2. The Title of ISO 28000 has changed. Does this impact the standard’s scope and does it still apply to all organizations (in scale, type and industry)?
In the context of the revision ISO insured that the title of the standard is fully aligned to its content. The scope of standard remains the same as the 2007 version. However, the title has been updated to ensure that it is understood that it covers security management systems and it applies to ALL organizations including (but not limited to) organizations in the supply chain.
3. When will the other standards in the 28000 family be revised?
ISO/TC 292/WG 8 has started to investigate end-user needs concerning the revision of the companion standards in the 28000 family. Results are expected to be reported to the Technical Committee at its meeting this summer.
4. My organization is expected to align with ISO 28000; will the revision have an impact on this? If my organization is already certified against the 2012 version, what happens now?
Given that the aim of the revision was not to add new requirements in ISO 28000 when it comess to secrity but to update it to the new ISO format for writing Management Systems Standards it is unlikely there will be a significant impact.
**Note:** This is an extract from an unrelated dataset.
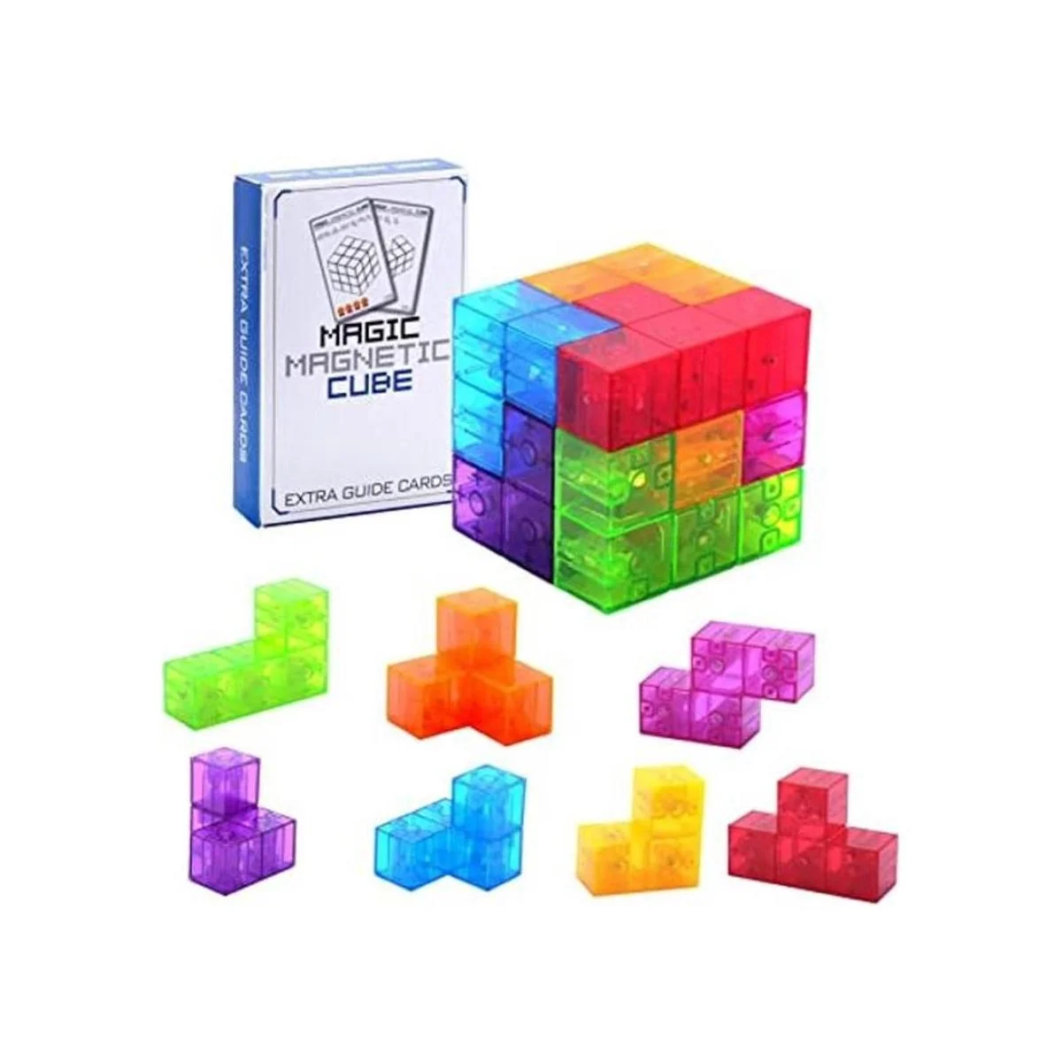 Cubos 3D magnéticos mágicos: nuestro cubo magnético incluye 7 piezas de rompecabezas de cristal de geometría 3D con 54 piezas de cartulina guía 108 rompecabezas, diferentes formas y colores. Los niños pueden organizar cientos de formas de cubo como quieran. Diferentes colores son un buen reconocimiento de color para los niños.

There is no immediate impact on organizations that are already certified. Organizations will have 3 years to assess the impact of the new edition of the standard. Since the changes has mostly been about making it inline with all other MSS such as ISO 9001 and ISO 22301, there should be a minimal impact on the certification process.
5. My organization is part way through a certification process using the 2007 version of the standard, will the 2022 version affect that?
No, you will be free to complete the certification process using the previous version and then update it when it requires renewal (after 3 years).
However, considering the age of the old version, in discussion with your certification body you may decide to pause the process and use the new version.
6. Can we still use the 2007 version?
Technically that is possible though anyone purchasing the Standard after the revision will be buying the 2022 version. Moving to the new version will ensure your Security Management System continues to be aligned with the latest good practice.